What this task involves ::
Your answer should hold the data exactly as given, minus any picture.

+ + + +

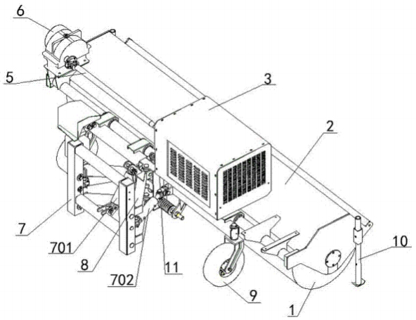 1、滚刷 2、滚刷挡雪外罩 3、发动机外罩 5、传动轴 6、减速机 7、连接架 8、悬挂支架 9、**轮 10、支腿 11、避障弹簧 701、角度调节缸 702、升降油缸
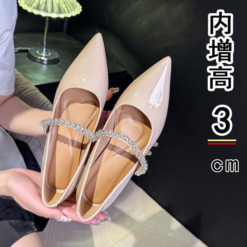 Rhinestone Pearl Word with Mary Jane Shoes Pointed Head Shallow Mouth Flat Shoes Inner Height Increase Single Shoes
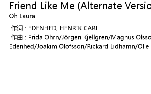 | [00:00.000] | zuo qu : Frida hrn J rgen Kjellgren Magnus Olsson Henrik Edenhed Joakim Olofsson Rickard Lidhamn Olle Olson |
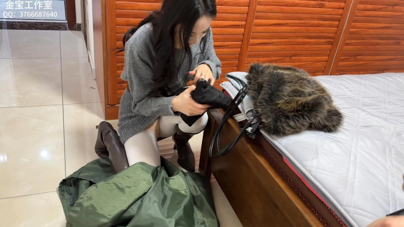 思琪将喵喵捆绑,并用胶带封嘴,随后对喵喵展开了调教:挠脚心、鞭打、上下其手。
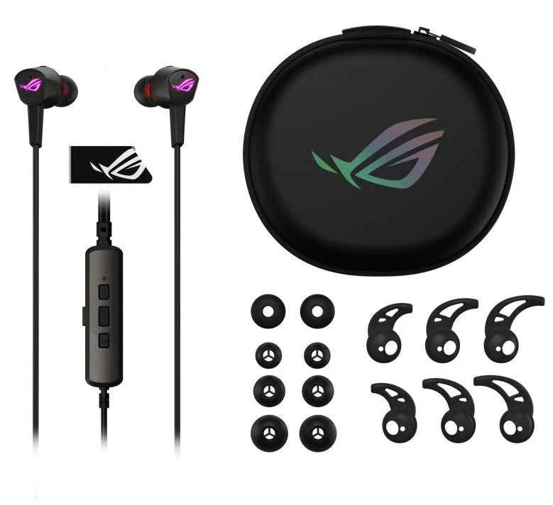 ROG Cetra II Core поставляется с колпачками и ушными креплениями из силиконовой резины трех размеров, а также парой колпачков из вспененного материала. Для их переноски вместе с гарнитурой в комплект поставки входит компактный футляр. - Armoury Crate
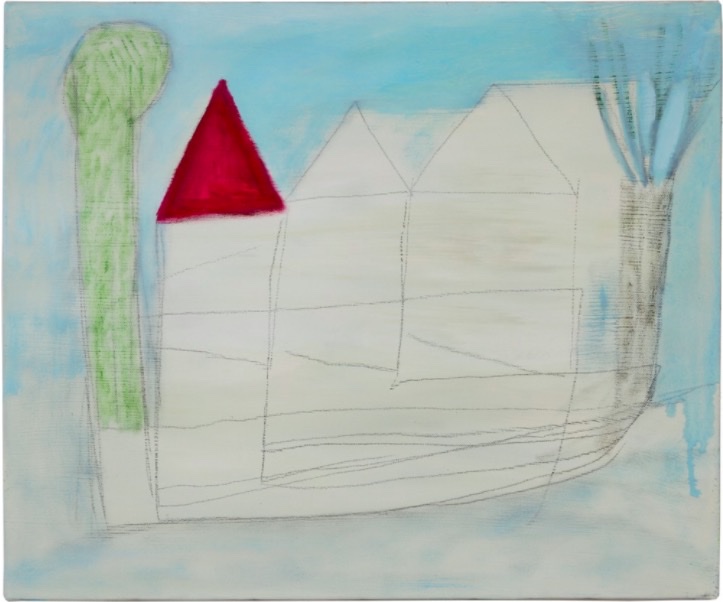 房屋與船和大海、樹木與雪和山林。杉戶洋的畫都是風景畫,幾何圖形的、粉紅的、嫰綠的、天藍的,色線與線條都是簡單的,有點稚氣,也有點混沌,說不清的情感起伏,彷彿是夢中的一片風景,嘗試在畫布上摹臨,希望將之描畫得俱像,卻始終含糊一片。
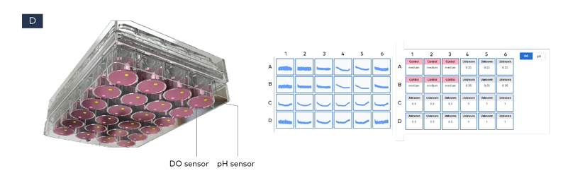 圖1 (A) S.NEST培養(yǎng)系統(tǒng)包含4個(gè)獨(dú)立的腔室。(B)可消耗的S.NEST蓋子,帶有防止蒸發(fā)的冷凝設(shè)計(jì)。(C)S.NEST蓋子混和培養(yǎng)基,使培養(yǎng)體系更加均勻。(D) S.NEST系統(tǒng)實(shí)時(shí)監(jiān)測(cè)DO和pH。傳感器點(diǎn)附著在微孔板底部。
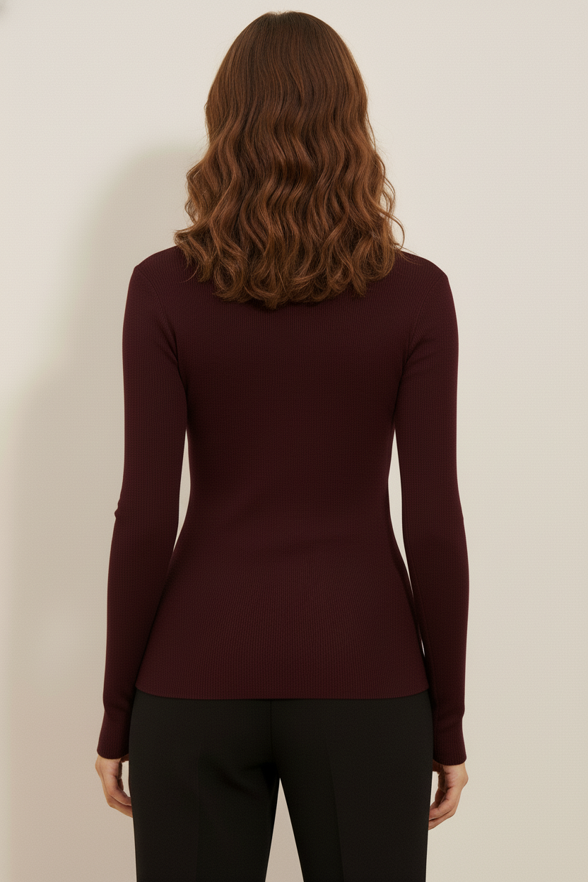 Yarım balıkçı yaka formu ve cut out (kesik) detayı, bluzun sade çizgilerine modern bir dokunuş katar. Boncuk işleme detaylarıyla zenginleştirilmiş bu tasarım, hem casual kombinlerde hem de özel günlerde tarzınıza sofistike bir hava kazandırır.

+ + + +

Task solution ::
 1、滚刷 2、滚刷挡雪外罩 3、发动机外罩 5、传动轴 6、减速机 7、连接架 8、悬挂支架 9、**轮 10、支腿 11、避障弹簧 701、角度调节缸 702、升降油缸
 Rhinestone Pearl Word with Mary Jane Shoes Pointed Head Shallow Mouth Flat Shoes Inner Height Increase Single Shoes
 | [00:00.000] | zuo qu : Frida hrn J rgen Kjellgren Magnus Olsson Henrik Edenhed Joakim Olofsson Rickard Lidhamn Olle Olson |
 思琪将喵喵捆绑,并用胶带封嘴,随后对喵喵展开了调教:挠脚心、鞭打、上下其手。
 ROG Cetra II Core поставляется с колпачками и ушными креплениями из силиконовой резины трех размеров, а также парой колпачков из вспененного материала. Для их переноски вместе с гарнитурой в комплект поставки входит компактный футляр. - Armoury Crate
 房屋與船和大海、樹木與雪和山林。杉戶洋的畫都是風景畫,幾何圖形的、粉紅的、嫰綠的、天藍的,色線與線條都是簡單的,有點稚氣,也有點混沌,說不清的情感起伏,彷彿是夢中的一片風景,嘗試在畫布上摹臨,希望將之描畫得俱像,卻始終含糊一片。
 圖1 (A) S.NEST培養(yǎng)系統(tǒng)包含4個(gè)獨(dú)立的腔室。(B)可消耗的S.NEST蓋子,帶有防止蒸發(fā)的冷凝設(shè)計(jì)。(C)S.NEST蓋子混和培養(yǎng)基,使培養(yǎng)體系更加均勻。(D) S.NEST系統(tǒng)實(shí)時(shí)監(jiān)測(cè)DO和pH。傳感器點(diǎn)附著在微孔板底部。
 Yarım balıkçı yaka formu ve cut out (kesik) detayı, bluzun sade çizgilerine modern bir dokunuş katar. Boncuk işleme detaylarıyla zenginleştirilmiş bu tasarım, hem casual kombinlerde hem de özel günlerde tarzınıza sofistike bir hava kazandırır.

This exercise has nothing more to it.